You can confirm whether or not this is the problem by running, as root:
setenforce 0
then re-testing. Run:
setenforce 1
to re-enable SELinux after testing. setenforce isn't permanent; SELinux will be automatically re-enabled on reboot anyway. Disabling SELinux permanently is not usually a good solution for issues like this; if you confirm the issue is SELinux it can be explored further.
Since you have not specified the OS or version you are using, the PostgreSQL version, the exact command you're running, ls -al on the file, \d+ on the table, etc, it's hard to give any more detail, or to know if this is more than a guess. Try updating your answer to include all that and an ls --lcontext of the file too.

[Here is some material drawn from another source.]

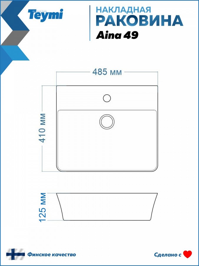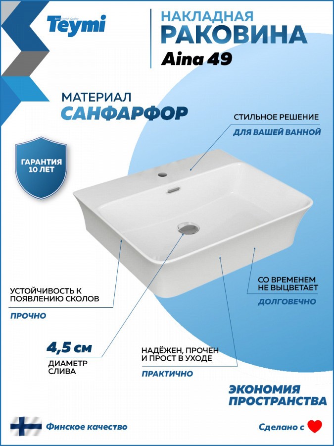 2. Раковина накладная Teymi Aina 49 с полочкой под смеситель, белая.

COPY with a file name instructs the PostgreSQL server to directly read from or write to a file. The file must be accessible by the PostgreSQL user (the user ID the server runs as) and the name must be specified from the viewpoint of the server. (source: postgresql documentation)
So the file should be readable (or writable) by the unix user under which postgresql server is running (i.e not your user!). To be absolutly sure, you can try to run sudo -u postgres head /tmp/test.csv (assuming you are allowed to used sudo and assuming the database user is postgres).

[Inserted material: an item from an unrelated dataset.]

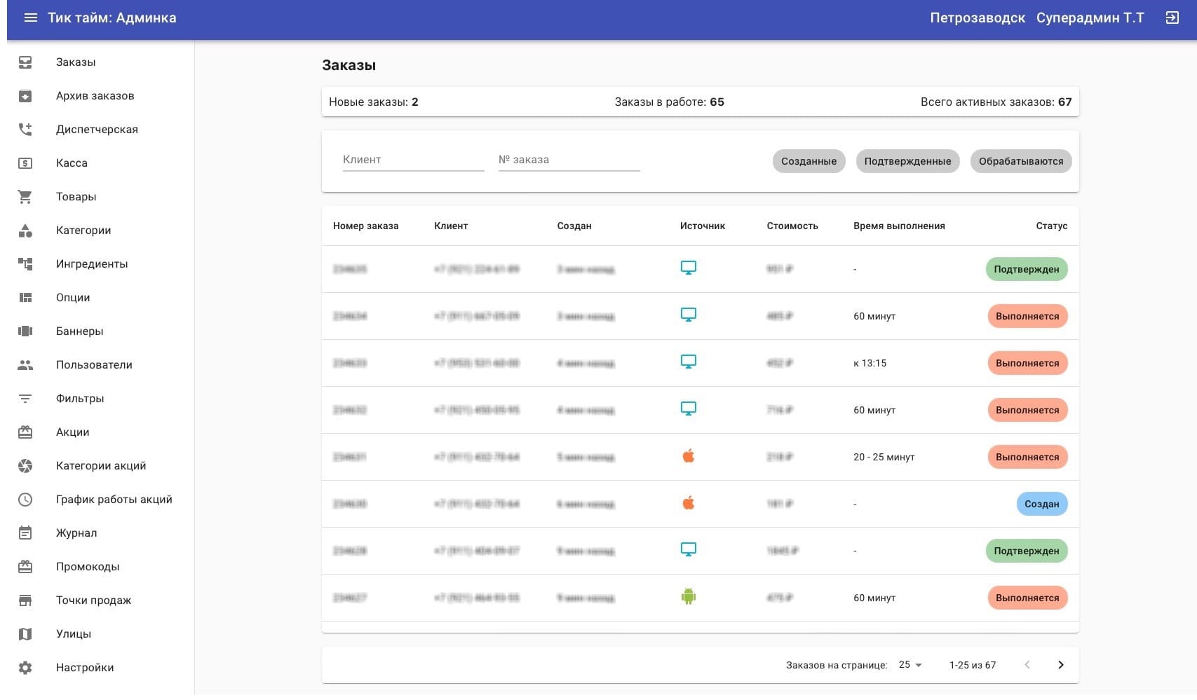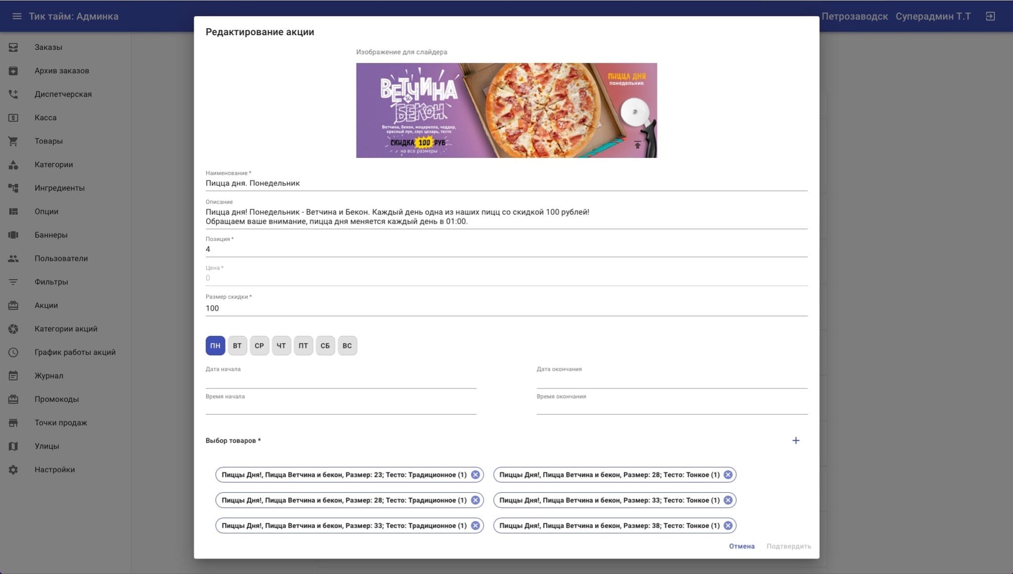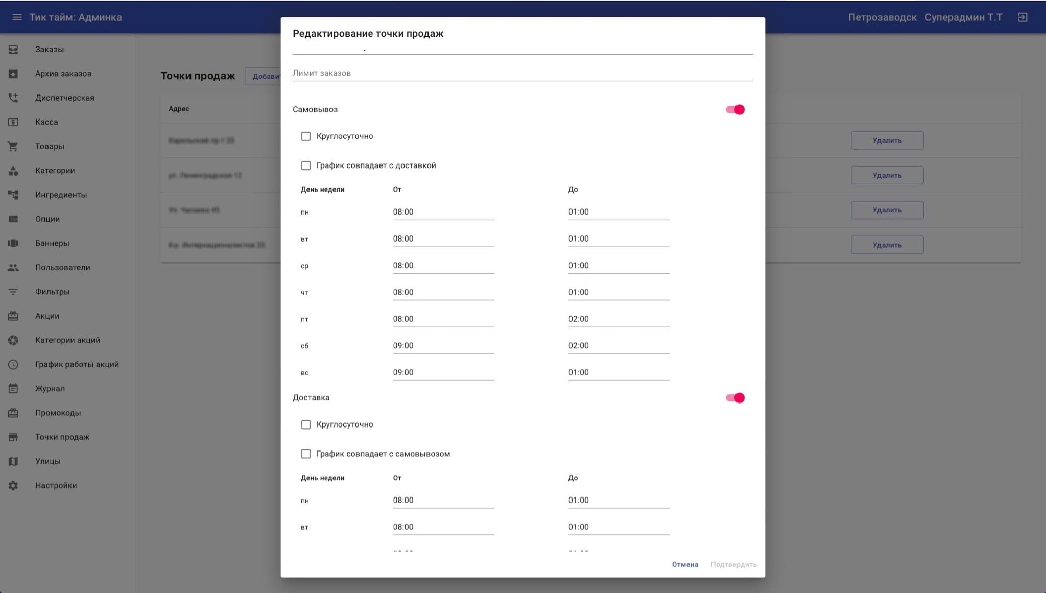 Система управления позволяет настраивать доступное меню и расписание работы всех торговых точек, гибко регулировать опциональность продуктов, акции, промокоды, различные фильтры. Для автоматического распределения заказов по точкам продаж реализована возможность настраивать привязку всех улиц и районов города к определенным пиццериям.

If that fails, it might be an issue related to SELinux (as mentioned by Craig Ringer). Under the most common SELinux policy (the "targeted" reference policy), used by Red Hat/Fedora/CentOS, Scientific Linux, Debian and others... the postgresql server process is confined : it can only read/write a few file types.
The denial might not be logged in auditd's log file (/var/log/audit/audit.log) due to a donaudit rule. So the usual SELinux quick test apply e.g: stop SELinux from confining any process by running getenforce;setengorce 0;getenforce, then test postgresql's COPY. Then re-activate SELinux by running setenforce 1 (this command modify the running state, not the configuration file, so SELinux will be active (Enforcing) after reboot.
The proper way to fix that is to change the SELinux context of the file to load. A quick hack is to run:
chcon -t postgresql_tmp_t /tmp/a.csv
But this file labelling will not survive if hte filesystem is relabel or if you create a new file. You will need to create a directory with an SELinux file context mapping :
which semanage || yum install policycoreutils-python
semanage fcontext -a -t postgresql_tmp_t '/srv/psql_copydir(/.*)?'
mkdir /srv/psql_copydir
chmod 750 /srv/psql_copydir
chgrp postgres /srv/psql_copydir
restorecon -Rv /srv/psql_copydir
ls -Zd /srv/psql_copydir
Any file created in that directory should have the proper file context automatically so postgresql server can read/write it.
(to check the SELinux context under which postgres is running, runps xaZ | grep "postmaste[r]" | grep -o "[a-z_]*_t", which should print postgresql_t. To list the context types to which postgresql_t can write, use sesearch -s postgresql_t -A | grep ': file.*write'. the command sesearch belong to the setools-console RPM package).